Parents cheer new treatment for rare disease, though their children won't benefit
The VanHoutans' son and daughter were diagnosed with Batten disease.
— -- For eight years, Tracy and Jennifer VanHoutan have been working to understand and find a treatment for a rare genetic disorder called Batten disease.
The VanHoutans aren't scientists or doctors with medical degrees or a laboratory; they're parents of children diagnosed with the disease. In 2009 the couple's eldest child, Noah, was diagnosed with Batten disease, a progressive terminal neurological disease that can leave children blind and unable to talk or communicate and with dementia. A year later, their daughter Laine was also diagnosed with Batten.
"[Doctors] said, 'Take your children home and enjoy the time you had left with them,'" Tracy VanHoutan recalled. "That didn't sit well with us and we started looking at different avenues."
The couple founded Noah's Hope and started working with the Batten Disease Support and Research Association to help raise money for research that could hopefully lead to a cure or treatment. They traveled to conferences, met with researchers and agreed to fund research before they had much in the way of donations to offer. Tracy VanHoutan spent years on the BDSRA's board.
"The way we look at it is our house is literally on fire and the kids are inside of it, what are you going to do about it? We're not going sit there and wait," he said.
Last week the Food and Drug Administration approved the first treatment for Batten disease. The therapy, Brineura, treats one type of Batten disease (there are 14 types), late infantile neuronal ceroid lipofuscinosis type 2 (CLN2). It's not a cure, but the treatment, which replaces enzymes, has been shown to stop or delay the progression of Batten disease.
"Seeing all of that come to fruition in an approved product last Thursday — it was rewarding, and it was bittersweet," Tracy VanHoutan told ABC News.
The VanHoutans' Noah's Hope foundation is one of several family foundations that, together with the BDSRA, helped fund early research into Batten disease and potential treatments, including the enzyme replacement therapy that eventually lead to Brineura, according to Margie Frazier, the executive director of BDSRA.
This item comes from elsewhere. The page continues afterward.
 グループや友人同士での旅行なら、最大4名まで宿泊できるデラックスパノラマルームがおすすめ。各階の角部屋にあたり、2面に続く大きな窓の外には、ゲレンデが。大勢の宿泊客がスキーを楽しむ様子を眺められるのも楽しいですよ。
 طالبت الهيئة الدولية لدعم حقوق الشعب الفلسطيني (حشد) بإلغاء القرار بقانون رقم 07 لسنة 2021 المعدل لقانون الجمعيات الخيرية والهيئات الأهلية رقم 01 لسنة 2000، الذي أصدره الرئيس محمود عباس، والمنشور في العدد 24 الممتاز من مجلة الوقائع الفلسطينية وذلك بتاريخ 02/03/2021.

"It's very important to note that these early funds were raised by parents who were very, very hopeful [while] knowing that their children were not going to benefit," Frazier told ABC News.
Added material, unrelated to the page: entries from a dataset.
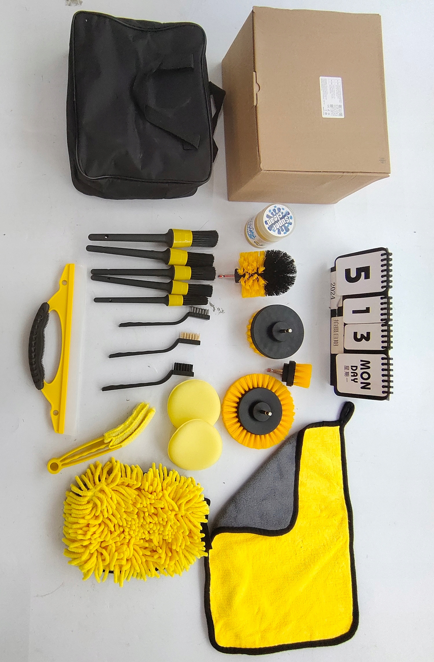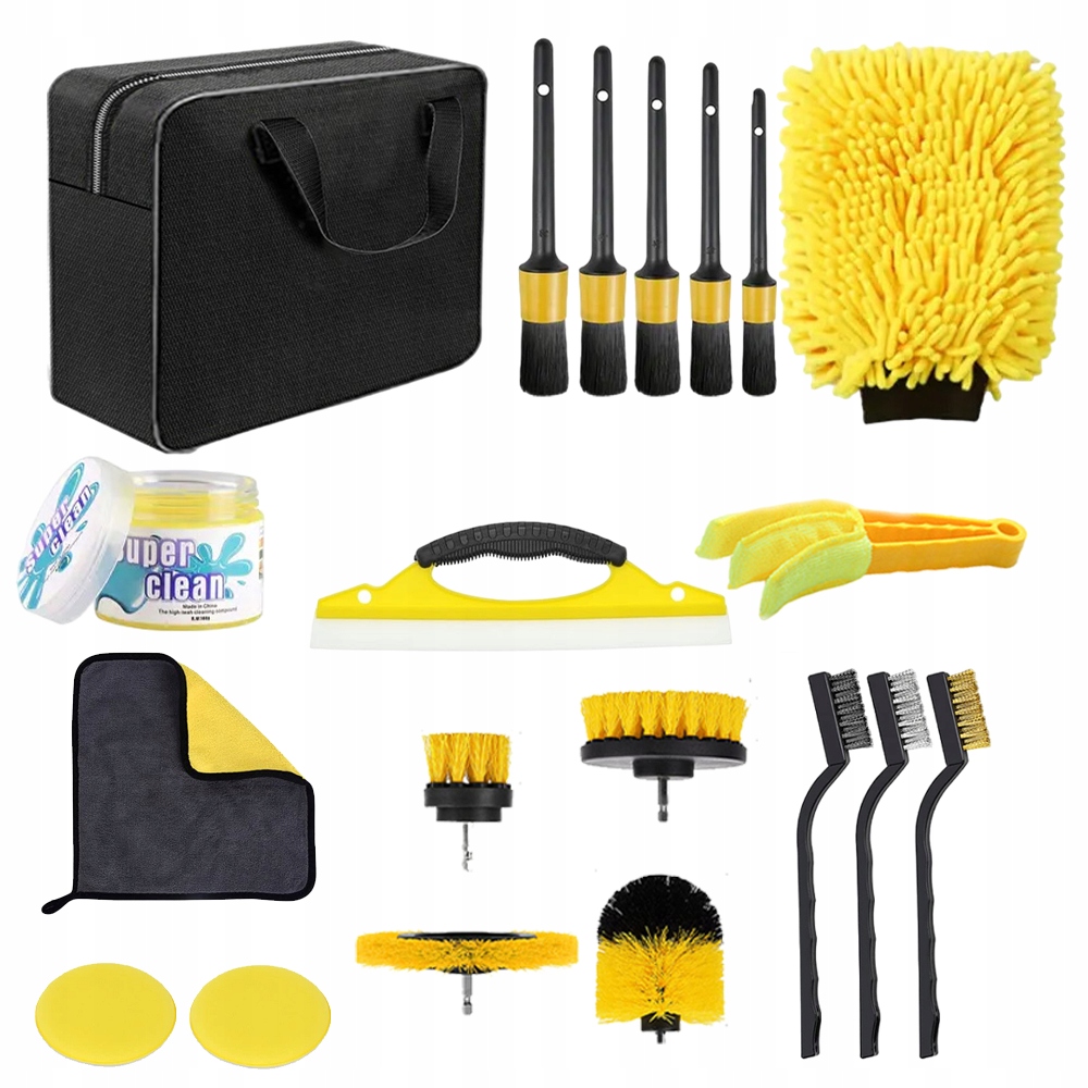 🚗 Набор для чистки автомобиля из 20 предметов: включает 5 щеток для чистки автомобиля, 4 щетки для дрели, 1 перчатку из микрофибры для автомойки, 1 ткань для чистки из микрофибры, 2 губки для полировки, 1 щетку для автомобильного кондиционера, 3 проволочные щетки, 1 гель для чистки автомобиля, 1 стеклоочиститель и 1 дорожную сумку.
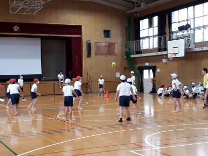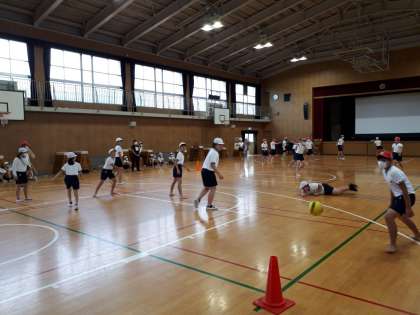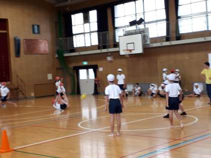 各クラスで赤白の2チームに分かれ、他のクラスとチームと対戦します。1ゲームは4分で、全部で12ゲームしました。好プレーあり、珍プレーあり、ゲームをしている子どもも見ている子どもも楽しそうでした。10月15日から16日に予定している修学旅行に向けて、チームの団結力を高めているように感じられました。
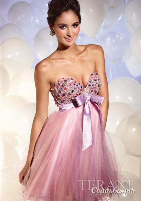 Очаровательный вечерний наряд от известного американского бренда Terani Couture просто создано для юных чаровниц. Миниатюрный корсет с соблазнительной зоной декольте вручную украшен разноцветными камнями. Атласная лента с кокетливым бантом подчёркивают завышенную талию и привлекают внимание к бюсту. Пышная юбка доходит до колен.
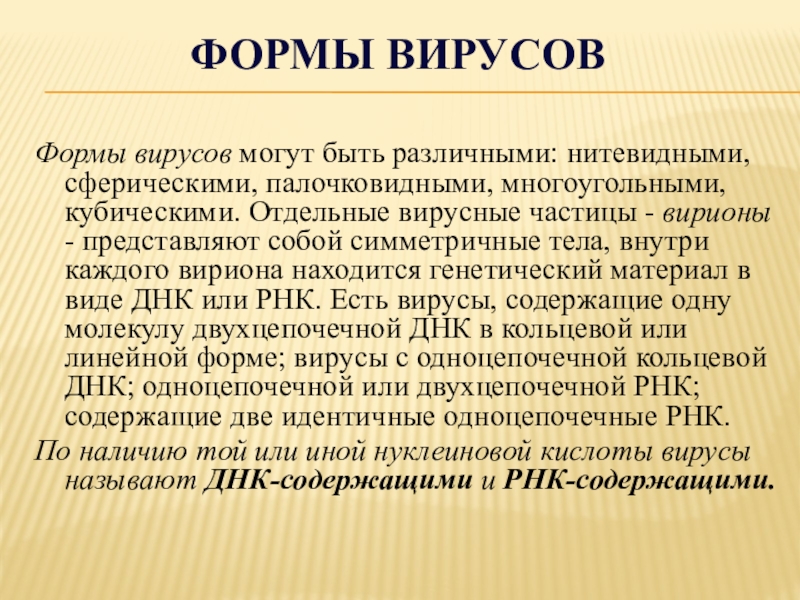 Формы вирусов могут быть различными: нитевидными, сферическими, палочковидными, многоугольными, кубическими.
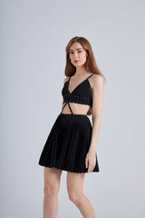 Model is: 173cm, Waist: 63cm, Hips: 89cm and is wearing a size x-small
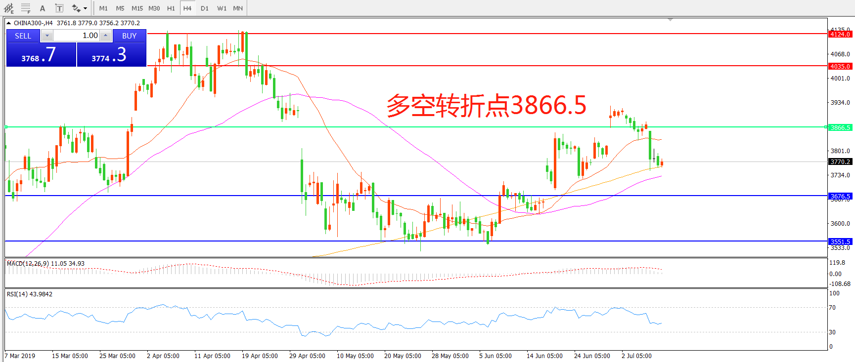 4小时图看,沪深300指数近期长阴下破后无力反弹,整体走势偏弱,但长期均线系统依然成为下方支撑,MACD红柱缩短,RSI指标走平,日内延续震荡概率较大。
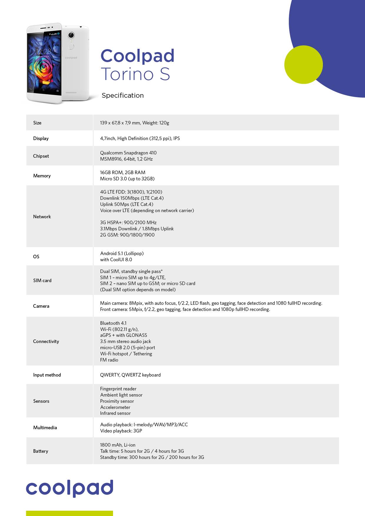 Coolpad, kineski proizvođač, dokazao je da karakteristike poput LTE tehnologije, IR porta, "5u1" čitača otiska prsta, mogu biti dostupne svima. Od 4. maja u Srbiji je dostupan Coolpad Torino S, u beloj i šampanjac boji, a preporučena maloprodajna cena oko 205 evra.

Frazier called the treatment a "milestone" for the community, even though it treats only one form of Batten disease.
The VanHoutans celebrated the treatment's approval, despite the fact that it arrived too late for their children.
Noah, who grew up loving soccer, steaks and the Cubs, died last year just a few weeks before his 12th birthday. Their daughter Laine has the same type of Batten disease that is treated by Brineura, but her disease has progressed too far for the treatment to work.
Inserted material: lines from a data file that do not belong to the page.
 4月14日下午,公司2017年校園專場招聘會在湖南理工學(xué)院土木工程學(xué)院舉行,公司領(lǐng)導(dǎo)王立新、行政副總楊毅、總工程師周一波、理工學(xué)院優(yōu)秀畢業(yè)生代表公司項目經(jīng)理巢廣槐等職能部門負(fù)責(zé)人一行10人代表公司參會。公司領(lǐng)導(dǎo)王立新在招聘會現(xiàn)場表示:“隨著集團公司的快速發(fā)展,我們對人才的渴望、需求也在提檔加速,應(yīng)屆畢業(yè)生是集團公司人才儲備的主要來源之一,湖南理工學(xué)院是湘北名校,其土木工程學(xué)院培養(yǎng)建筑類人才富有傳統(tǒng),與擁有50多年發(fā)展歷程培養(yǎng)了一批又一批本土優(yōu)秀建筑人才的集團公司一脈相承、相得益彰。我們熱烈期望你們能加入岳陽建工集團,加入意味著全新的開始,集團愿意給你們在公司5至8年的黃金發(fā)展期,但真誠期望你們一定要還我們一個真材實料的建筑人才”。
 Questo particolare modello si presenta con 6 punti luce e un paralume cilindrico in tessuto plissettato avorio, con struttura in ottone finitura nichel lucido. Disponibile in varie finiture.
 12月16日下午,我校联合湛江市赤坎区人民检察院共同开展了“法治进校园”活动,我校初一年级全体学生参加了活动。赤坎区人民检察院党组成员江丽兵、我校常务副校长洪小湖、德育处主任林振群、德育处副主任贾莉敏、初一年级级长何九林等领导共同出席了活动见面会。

"It was difficult," Jennifer VanHoutan said, but added that knowing so many children will be helped with the treatment "softened" the news.
"Laine had a smile on her face all week," Jennifer VanHoutan said.
The VanHoutans have not given up hope and continue to work to find new avenues for treatment and better testing so that families aren't left wondering what is wrong with their children during a long diagnosis process. Jennifer VanHoutan said it took 16 months for Noah to get diagnosed with Batten disease and said they've met other parents who didn't know until after their child had died from the disease.
"We tried to do everything we could," Tracy VanHoutan told ABC News of their work to save their children. "We may not push quite as hard as we did in those early years ... We're more efficient."